Lesion Normalization and Supervised Learning in Post-traumatic Seizure Classification with Diffusion MRI.
Md Navid Akbar, Sebastian Ruf, Marianna La Rocca, Rachael Garner, Giuseppe Barisano, Ruskin Cua, Paul Vespa, Deniz Erdoğmuş, Dominique Duncan
Author Information
Md Navid Akbar: Department of Electrical and Computer Engineering, College of Engineering, Northeastern University, Boston, MA 02115, USA.
Sebastian Ruf: Department of Electrical and Computer Engineering, College of Engineering, Northeastern University, Boston, MA 02115, USA.
Marianna La Rocca: USC Stevens Neuroimaging and Informatics Institute, Keck School of Medicine, University of Southern California, Los Angeles, CA 90033, USA.
Rachael Garner: USC Stevens Neuroimaging and Informatics Institute, Keck School of Medicine, University of Southern California, Los Angeles, CA 90033, USA.
Giuseppe Barisano: Zilkha Neurogenetic Institute, Keck School of Medicine, University of Southern California, Los Angeles, CA 90033, USA.
Ruskin Cua: Department of Radiology, Keck School of Medicine, University of Southern California, Los Angeles, CA 90033, USA.
Paul Vespa: David Geffen School of Medicine, University of California Los Angeles, Los Angeles, CA 90095, USA.
Deniz Erdoğmuş: Department of Electrical and Computer Engineering, College of Engineering, Northeastern University, Boston, MA 02115, USA.
Dominique Duncan: USC Stevens Neuroimaging and Informatics Institute, Keck School of Medicine, University of Southern California, Los Angeles, CA 90033, USA.

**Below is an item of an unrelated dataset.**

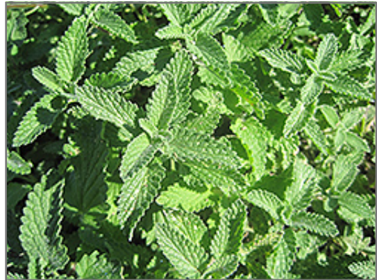
Walker's Low Catmint foliage

Walker's Low Catmint is a fine choice for the garden, but it is also a good selection for planting in outdoor pots and containers. It is often used as a 'filler' in the 'spiller-thriller-filler' container combination, providing a mass of flowers against which the thriller plants stand out. Note that when growing plants in outdoor containers and baskets, they may require more frequent waterings than they would in the yard or garden.

Traumatic brain injury (TBI) is a serious condition, potentially causing seizures and other lifelong disabilities. Patients who experience at least one seizure one week after TBI (late seizure) are at high risk for lifelong complications of TBI, such as post-traumatic epilepsy (PTE). Identifying which TBI patients are at risk of developing seizures remains a challenge. Although magnetic resonance imaging (MRI) methods that probe structural and functional alterations after TBI are promising for biomarker detection, physical deformations following moderate-severe TBI present problems for standard processing of neuroimaging data, complicating the search for biomarkers. In this work, we consider a prediction task to identify which TBI patients will develop late seizures, using fractional anisotropy (FA) features from white matter tracts in diffusion-weighted MRI (dMRI). To understand how best to account for brain lesions and deformations, four preprocessing strategies are applied to dMRI, including the novel application of a lesion normalization technique to dMRI. The pipeline involving the lesion normalization technique provides the best prediction performance, with a mean accuracy of 0.819 and a mean area under the curve of 0.785. Finally, following statistical analyses of selected features, we recommend the dMRI alterations of a certain white matter tract as a potential biomarker.